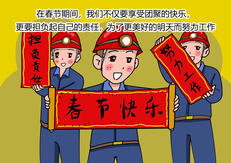 春节,因坚守而祥和,因贡献而温暖。当吉祥的灯笼高高挂起,守岁的炮竹响彻耳旁,万家灯火下的人们纷纷陶醉在团圆的喜悦中。然而,在矿山有这样一群最美“敬业者”,他们依然坚守岗位,用坚守化作优美祝福,以实干敲响新年钟声。他们舍小家顾各人,让多彩的春节化作最美的职责与信心。(胡家河矿 赵元)
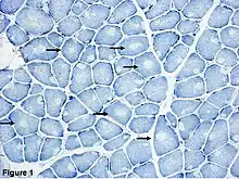 Histopathologic appearance of typical central core disease: NADH-TR, transverse section from the rectus femoris. Marked predominance of dark staining, high oxidative type 1 fibres with cores affecting the majority of fibres. Cores are typically well demarcated and centrally located (→), but may occasionally be multiple and of eccentric location.
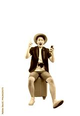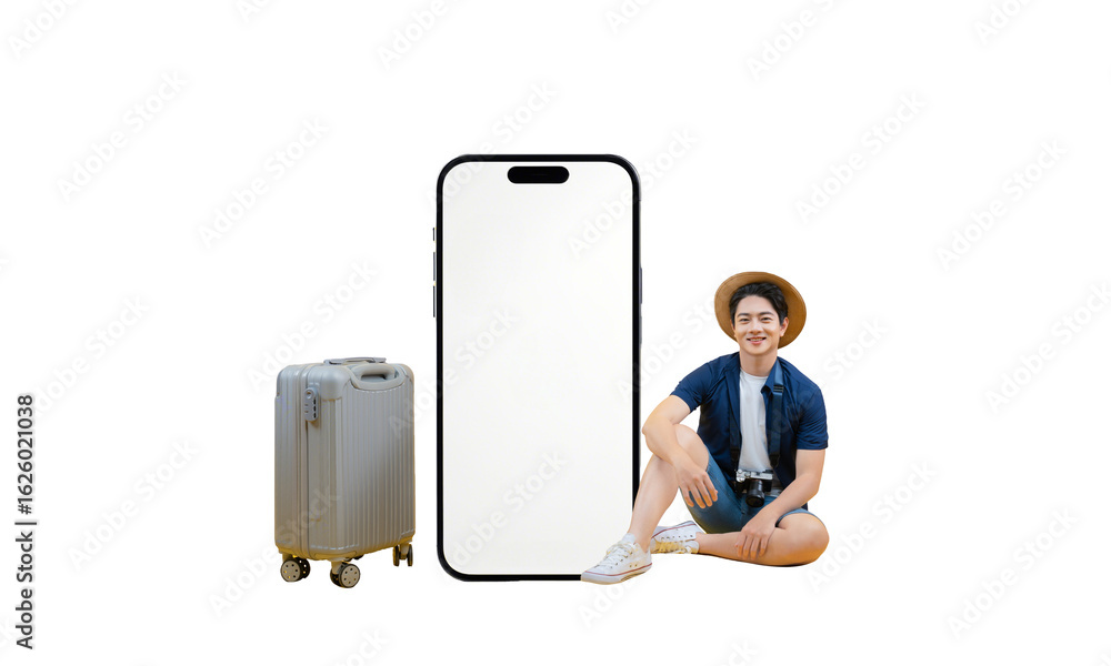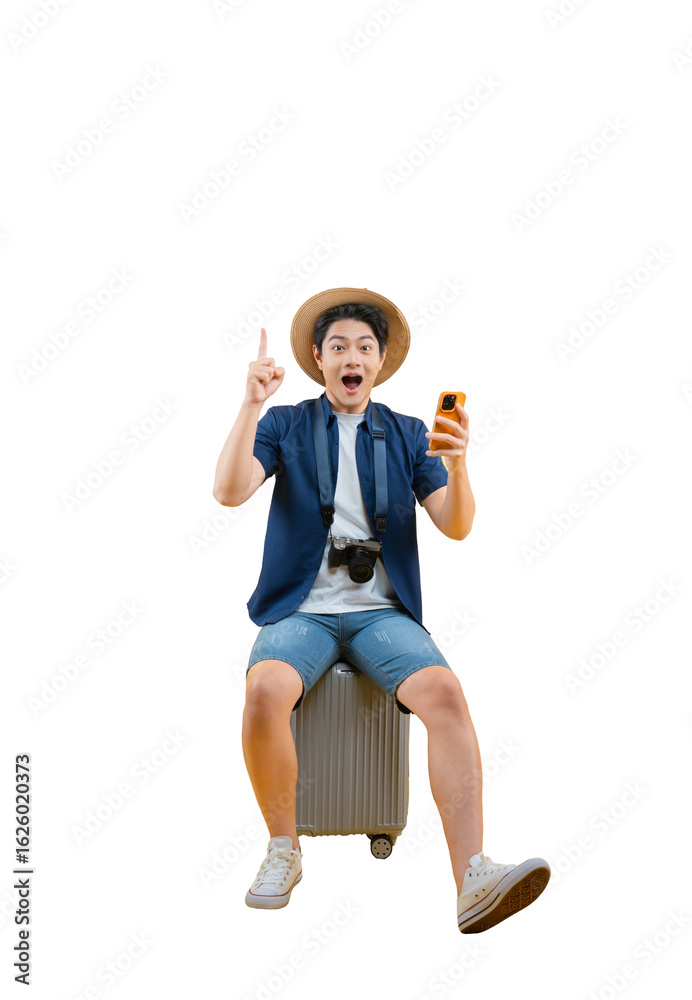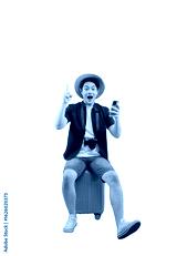 A young man sitting on a suitcase, wearing a hat and holding a phone, looks surprised on png background
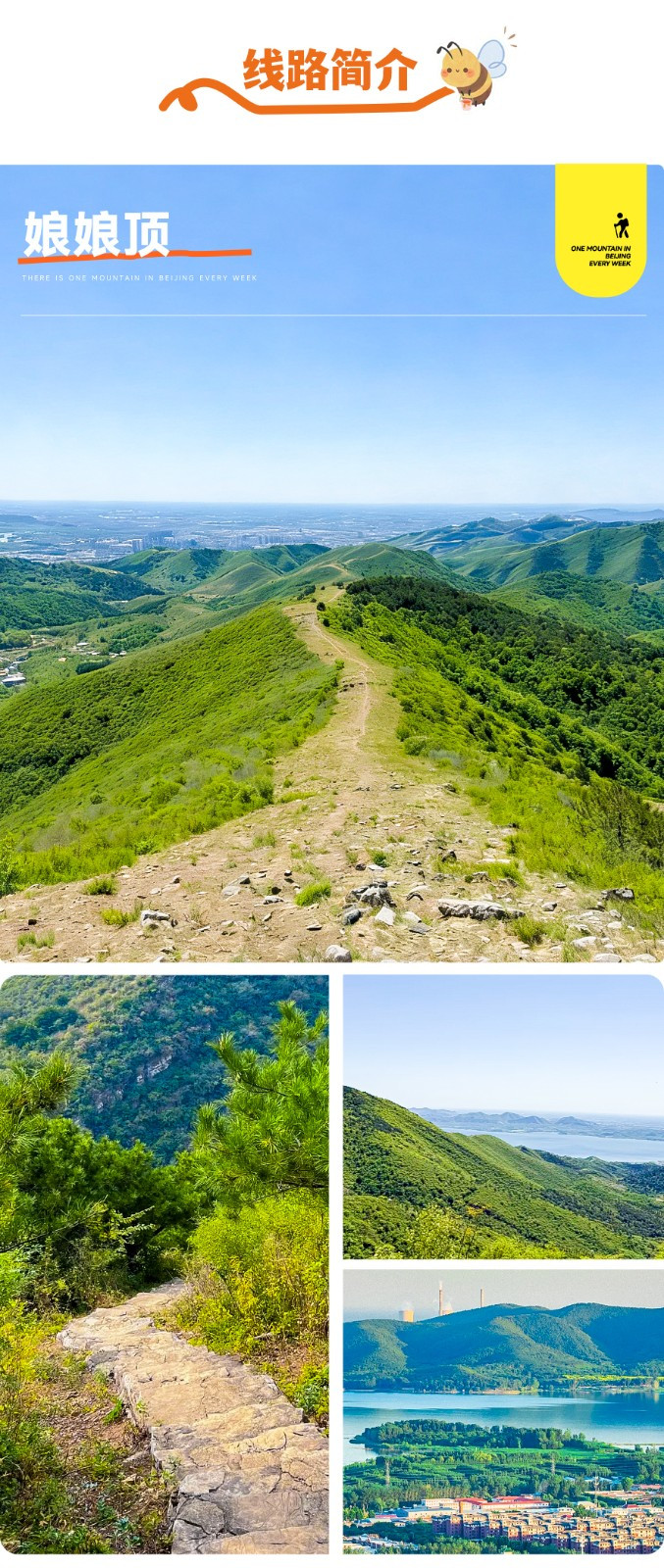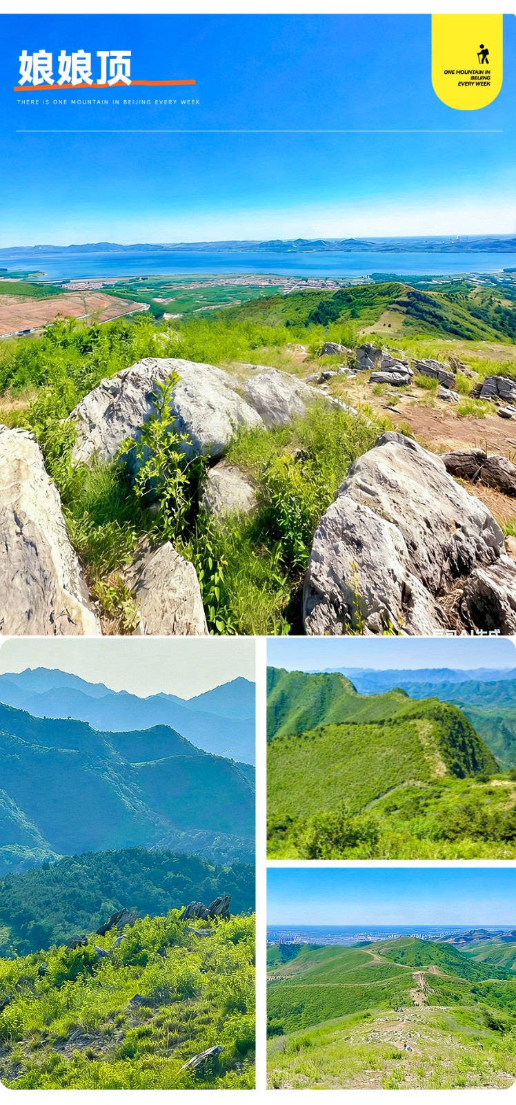 娘娘顶坐落在天津市蓟州区穿芳峪镇的西南侧,海拔560多米,是当地群山之中的最高点,在登顶的途中将体验到不同的路况和景色,集合了松树林、森林小路、金色山脊路和水库美景。行走在娘娘顶的山脊路上,向西可望府君山五华峰以及盘山,向北可见延绵不绝的山峰山脊,向南可见波光粼粼的于桥水库,是一日山水徒步的绝佳路线。

> Assignment
Please write out the whole listing exactly, but not the pictures in it.

> Response to the exercise
 春节,因坚守而祥和,因贡献而温暖。当吉祥的灯笼高高挂起,守岁的炮竹响彻耳旁,万家灯火下的人们纷纷陶醉在团圆的喜悦中。然而,在矿山有这样一群最美“敬业者”,他们依然坚守岗位,用坚守化作优美祝福,以实干敲响新年钟声。他们舍小家顾各人,让多彩的春节化作最美的职责与信心。(胡家河矿 赵元)
 Histopathologic appearance of typical central core disease: NADH-TR, transverse section from the rectus femoris. Marked predominance of dark staining, high oxidative type 1 fibres with cores affecting the majority of fibres. Cores are typically well demarcated and centrally located (→), but may occasionally be multiple and of eccentric location.
 A young man sitting on a suitcase, wearing a hat and holding a phone, looks surprised on png background
 娘娘顶坐落在天津市蓟州区穿芳峪镇的西南侧,海拔560多米,是当地群山之中的最高点,在登顶的途中将体验到不同的路况和景色,集合了松树林、森林小路、金色山脊路和水库美景。行走在娘娘顶的山脊路上,向西可望府君山五华峰以及盘山,向北可见延绵不绝的山峰山脊,向南可见波光粼粼的于桥水库,是一日山水徒步的绝佳路线。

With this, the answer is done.